Mi madre se hace la interesante.
Carlota: Nada hijo, nada, que ayer nos encontramos a Diego.
Dice mordiendo el taco.
Diego pone su mejor cara de sorpresa. ¿Y…?, ¿En dónde? ¿A qué hora? ¿Qué dijo?…
Mi madre le empieza a narrar, todo muy cercano a la realidad. Mientras ella cuenta nos reímos mucho.
Germán se dirige a mí: ¿Tienes algo que agregar?
Me estaban dando ganas de golpearlo cuando al parecer entiende que podía estarme confundiendo pero al volver a abrir la boca lo hace sólo para empeorarlo:
G: ¿Qué sentiste cuando lo viste?
Retomo mis ganas de pegarle, así que omito cualquier expresión en mi rostro, no es la primera vez que Germán me pone en este predicamento.
Yo con cara de asombro y casi en un grito le contesto: Pero si lo hemos visto un par de minutos y además ya escuchaste que ella lo acaparó…
G: Bueno pero, ¿te dio gusto, miedo, nervios? ¿Se veía bien, está más feo, gordo, flaco, canoso, pelón…?
Mi madre: Pues lo que haya sentido lo disimuló muy bien, aunque mírale la cara a la nena, tiene ese brillito en los ojos que había perdido. Él se veía muy bien, no ha cambiado casi nada y se le caía la baba al verla.
G: Por eso me encantas Carlota, porque no se te va una, mira que confesarlo y contarle todo lo necesario en unos minutos, cuando yo sea grande quiero ser como tú…
Mi madre: Pero si pareces más hijo mío que “ésta”, ahora te toca a ti que nos proporciones la información faltante. MaFer tráeme mi bolsa para darle a Germán la tarjetita que me dio Diego y pueda averiguar más.
No hay risas, mi madre habla en serio. Tal como terminaron las cosas, era más fácil que Germán averigüe qué piensa su familia, entre otras cosas.
¿Postre?
Pregunta mamá.
Claro, contestamos al mismo tiempo. Nos quedamos mudos y es mejor mantener la boca ocupada en lugar de seguir con el tema. Sacamos del refri lo que a cada uno más le apetece. Terminamos de cenar hablando de pavadas, entre risas.
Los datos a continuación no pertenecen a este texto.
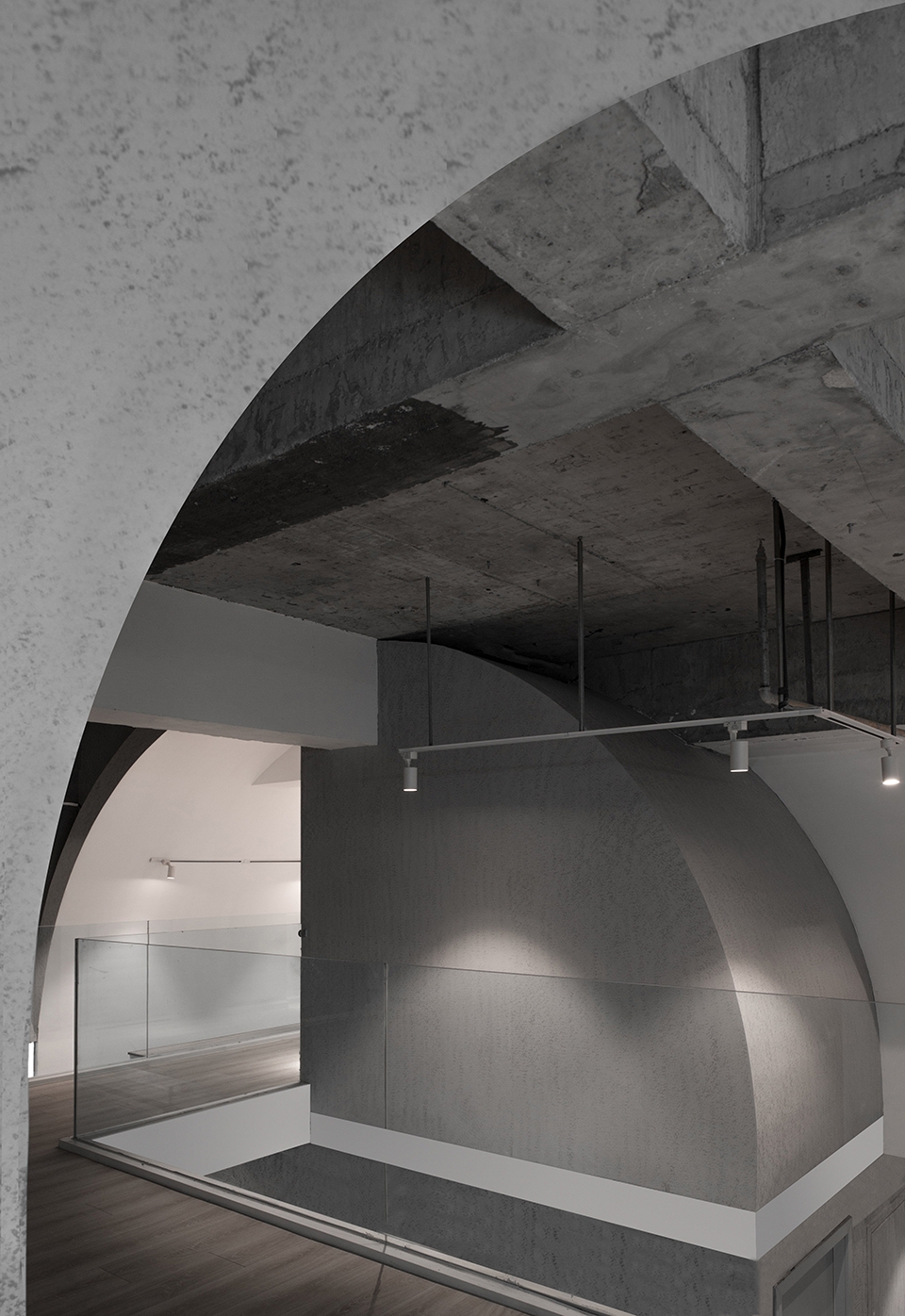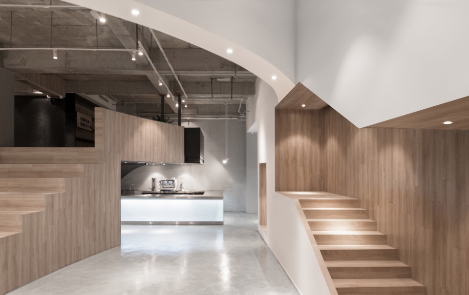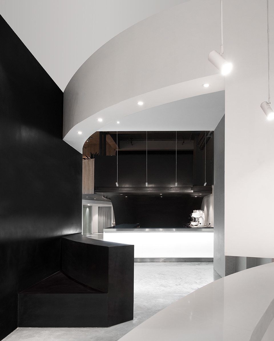 ▼旅社内多处使用了弧形的墙体,为空间增添了层次感

C: Tengo un libro a medias, gracias por no dejarme cenar sola y hacerme la velada agradable. ¿Se quedan a dormir aquí? Ya sé que tienen mucho qué platicar.
MF: Ma, yo me voy, por fin llegó mi computadora y muero de ganas de estrenarla.
G: Yo voy a llevarla, si no necesitas compañía hasta que Daniel vuelva, no regreso, quizá MaFer necesite ayuda con la instalación de sus compras.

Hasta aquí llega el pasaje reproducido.